COLLECTED DATA:
BEGIN

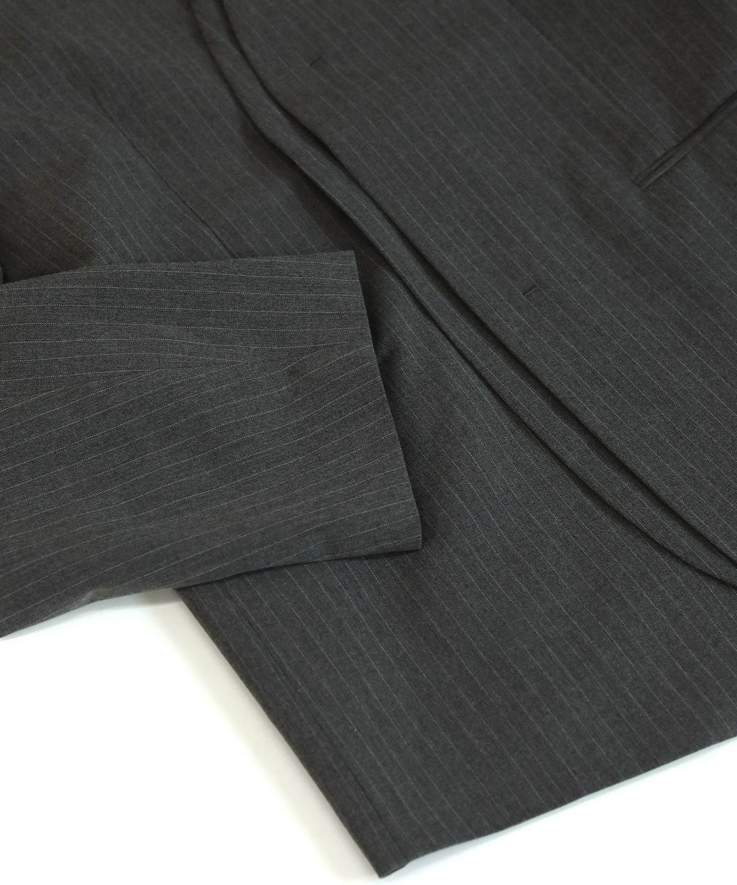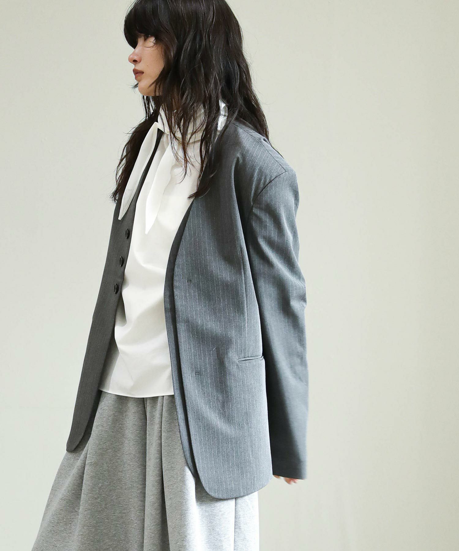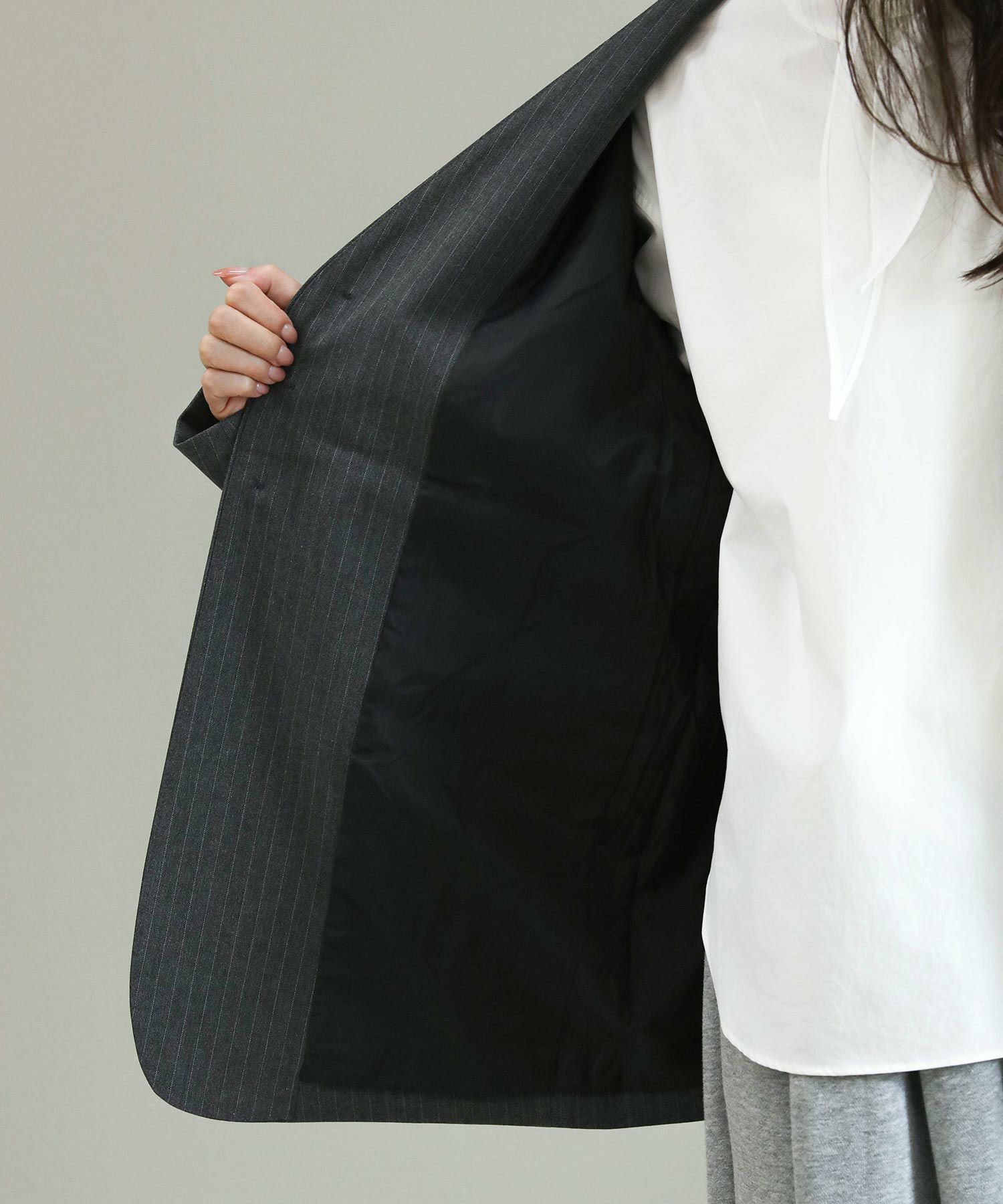 しわになりにくい、肌触りの良い素材です。左身のフロントを2枚重ねたディテールがポイント。前を閉じるとボタンが見えず、ポケット口は細めの両玉縁ポケットでスッキリと仕上げています。ミニマルなデザインながら、重なったフロントデザインがスタイリングのアクセントに。薄手の肩パット入りのかちっとしたシルエットがスマートな印象。トレンドスタイルを楽しめるオーバーシルエットです。
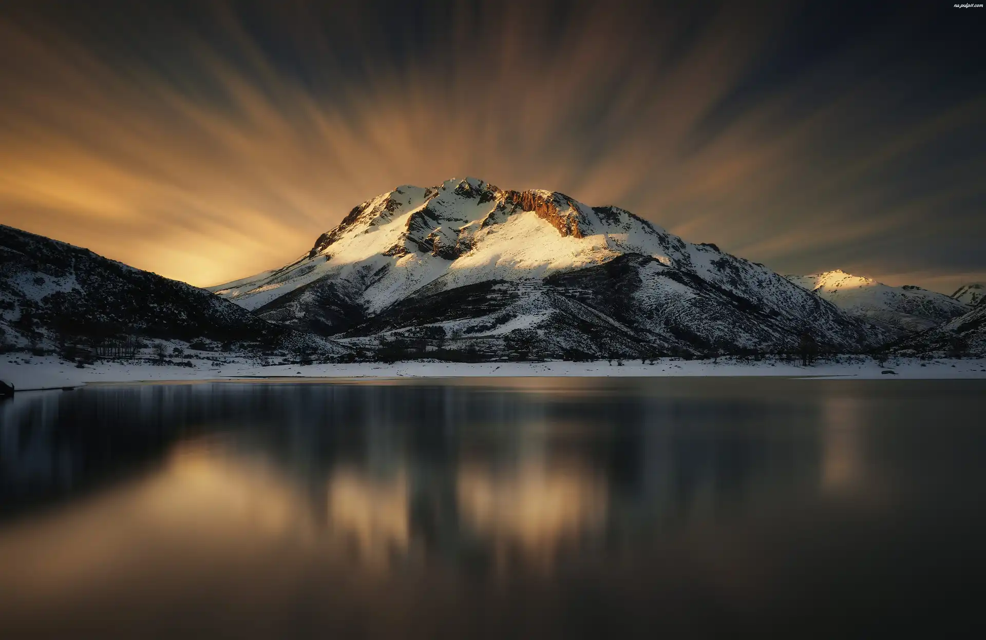 Słońca, Morze, Góra, Promienie Na Pulpit
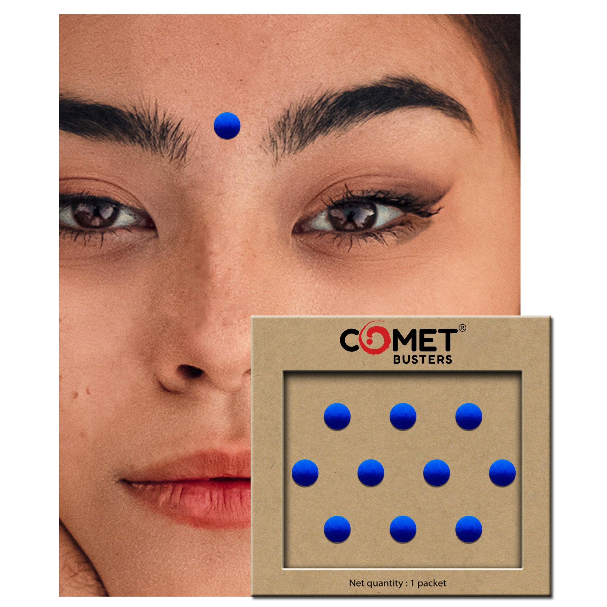 Comet Busters® Blue Round Classic Bindis – Handcrafted, Reusable, Skin-Safe Indian Forehead Stickers for Women
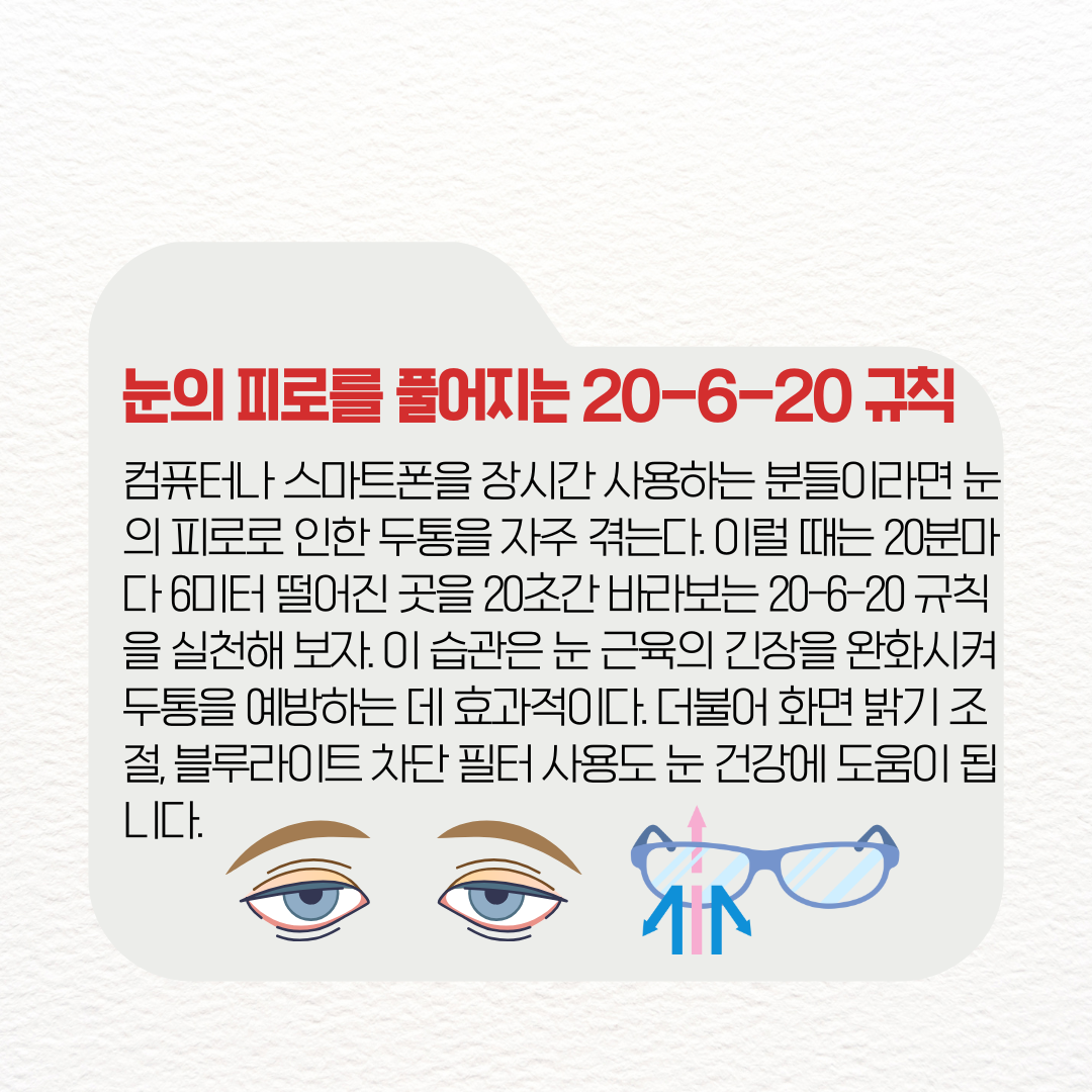 장시간 컴퓨터나 스마트폰을 사용할 경우 눈의 근육이 과도하게 긴장하면서 피로가 누적되고, 이로 인해 시각성 두통이 생길 수 있다. 이런 두통을 예방하려면 ‘20-20-20 규칙’을 실천하는 것이 도움이 된다.

END

PROBLEM STATEMENT: Your task is an exact transcription of all the data, minus the pictures.

EXERCISE SOLUTION:
 しわになりにくい、肌触りの良い素材です。左身のフロントを2枚重ねたディテールがポイント。前を閉じるとボタンが見えず、ポケット口は細めの両玉縁ポケットでスッキリと仕上げています。ミニマルなデザインながら、重なったフロントデザインがスタイリングのアクセントに。薄手の肩パット入りのかちっとしたシルエットがスマートな印象。トレンドスタイルを楽しめるオーバーシルエットです。
 Słońca, Morze, Góra, Promienie Na Pulpit
 Comet Busters® Blue Round Classic Bindis – Handcrafted, Reusable, Skin-Safe Indian Forehead Stickers for Women
 장시간 컴퓨터나 스마트폰을 사용할 경우 눈의 근육이 과도하게 긴장하면서 피로가 누적되고, 이로 인해 시각성 두통이 생길 수 있다. 이런 두통을 예방하려면 ‘20-20-20 규칙’을 실천하는 것이 도움이 된다.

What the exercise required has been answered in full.